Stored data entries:
::::

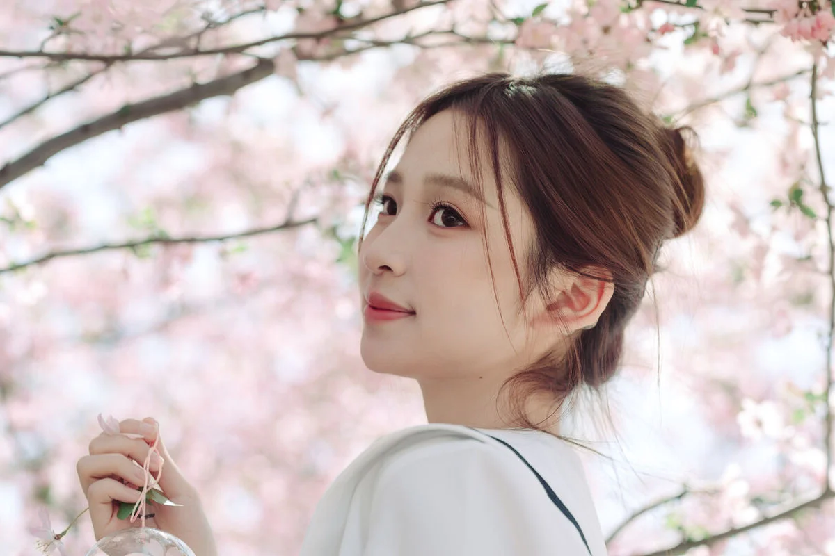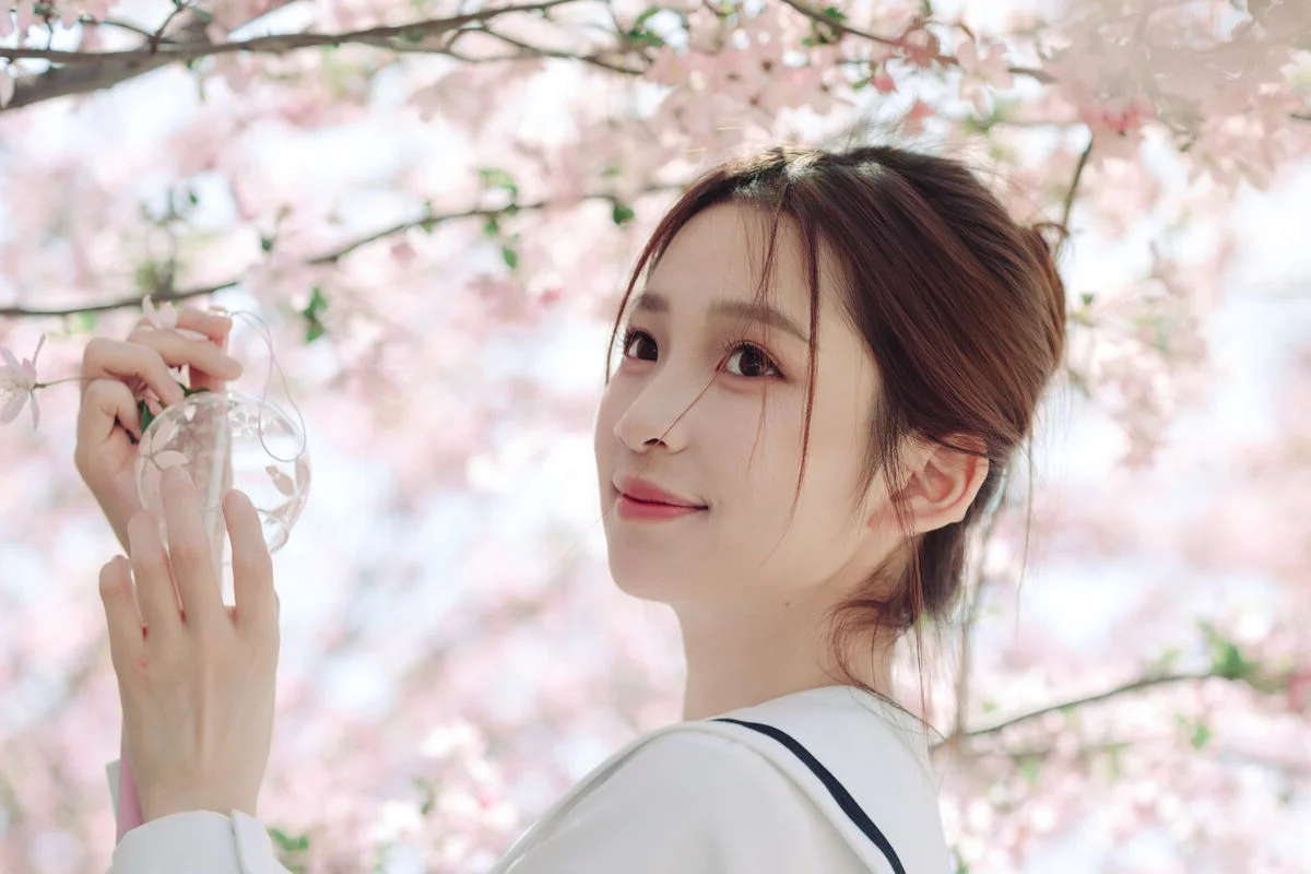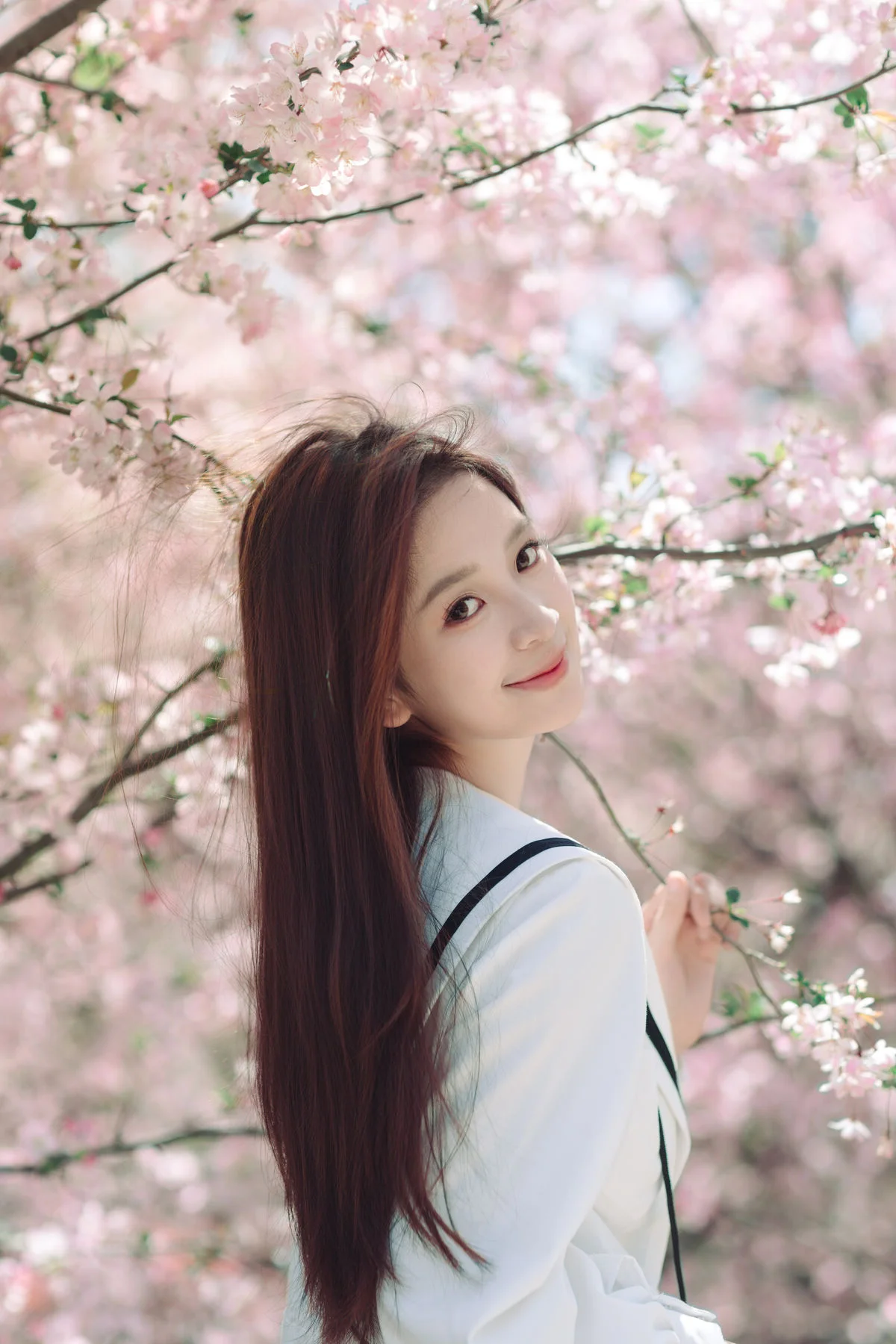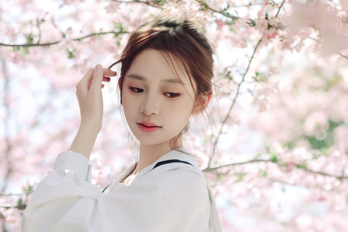Spring Muse: Pure Elegance in JK Uniform Amidst Blossoms
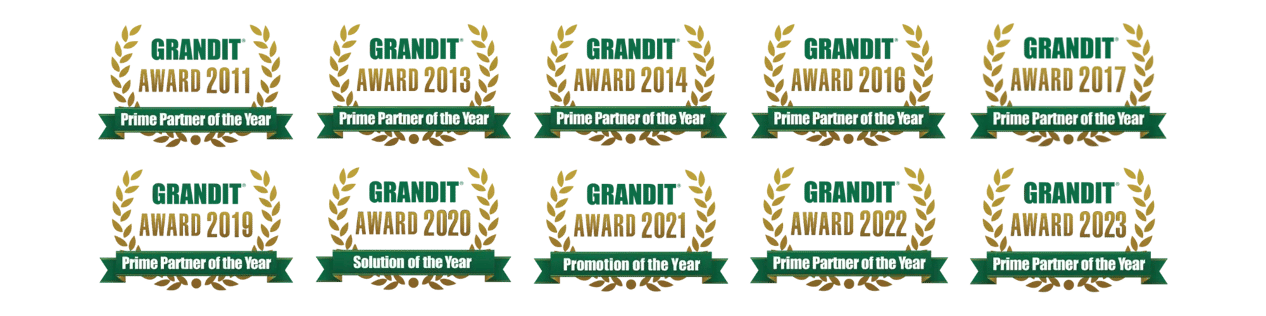 GRANDIT AWARDはGRANDITコンソーシアムメンバーの中で、大きな功績をあげたパートナーに授与される称号です。当社はGRANDIT AWARD創設以来、数多く受賞してまいりました。
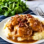 Keywords: maple bourbon pecan chicken, gluten free chicken recipe, one pan chicken, chicken thighs recipe, sweet and savory chicken, easy dinner recipes
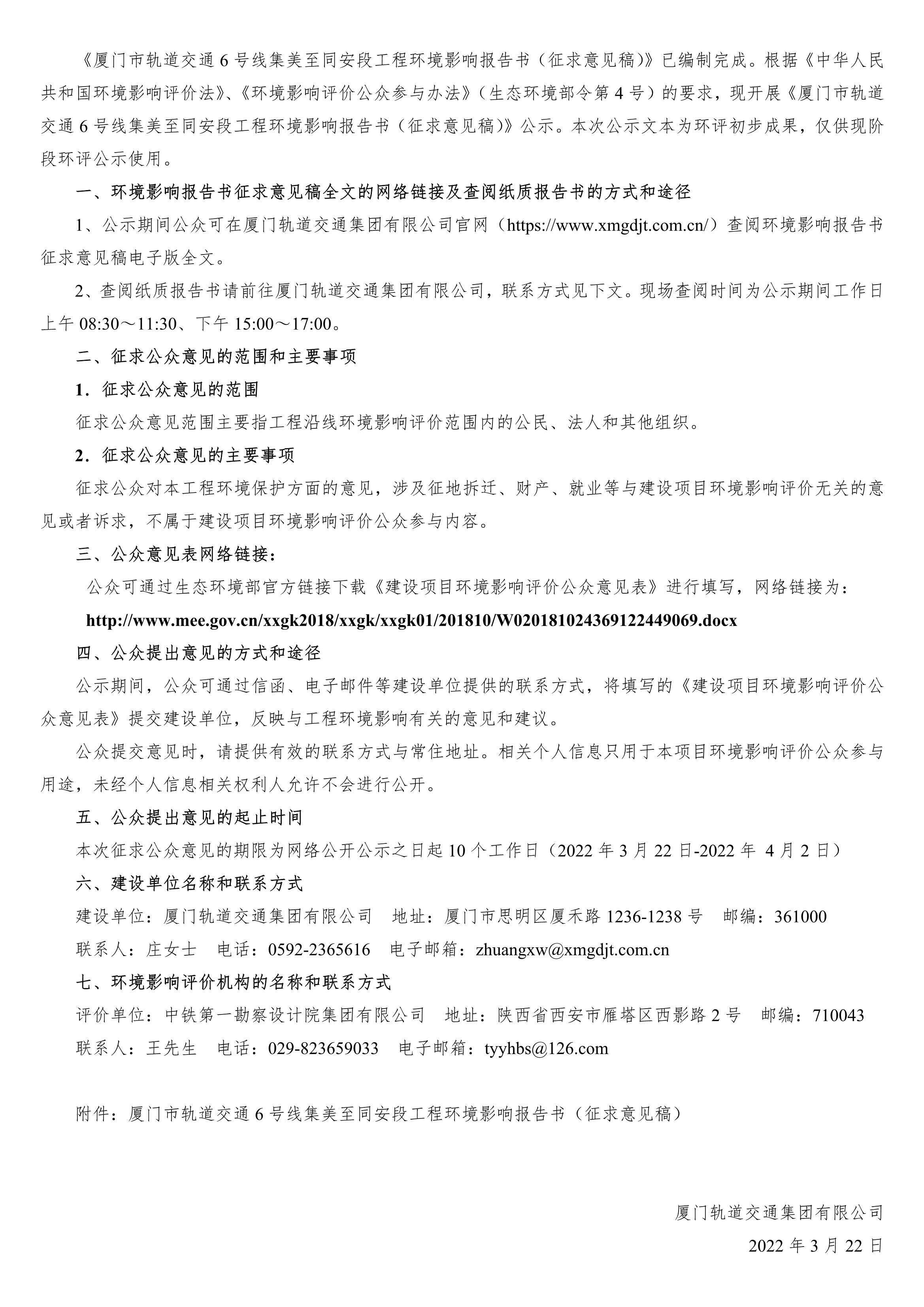 厦门市轨道交通6号线集美至同安段工程环境影响报告书征求意见稿公示
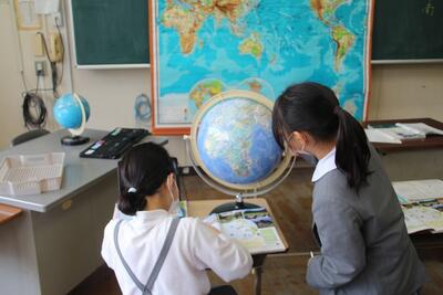 社会科では、日本の国土と世界の国々について学習しています。この日は、世界地図や地球儀を使って、日本や世界の国々の位置や、大陸・海洋などを調べました。これから日本と世界の国々との関連性を学習していきます。

::::

**GOAL OF THE EXERCISE**
Your task is to retype all the entries exactly and leave out any pictures.

**ANSWER FOR THIS EXERCISE**
Spring Muse: Pure Elegance in JK Uniform Amidst Blossoms
 GRANDIT AWARDはGRANDITコンソーシアムメンバーの中で、大きな功績をあげたパートナーに授与される称号です。当社はGRANDIT AWARD創設以来、数多く受賞してまいりました。
 Keywords: maple bourbon pecan chicken, gluten free chicken recipe, one pan chicken, chicken thighs recipe, sweet and savory chicken, easy dinner recipes
 厦门市轨道交通6号线集美至同安段工程环境影响报告书征求意见稿公示
 社会科では、日本の国土と世界の国々について学習しています。この日は、世界地図や地球儀を使って、日本や世界の国々の位置や、大陸・海洋などを調べました。これから日本と世界の国々との関連性を学習していきます。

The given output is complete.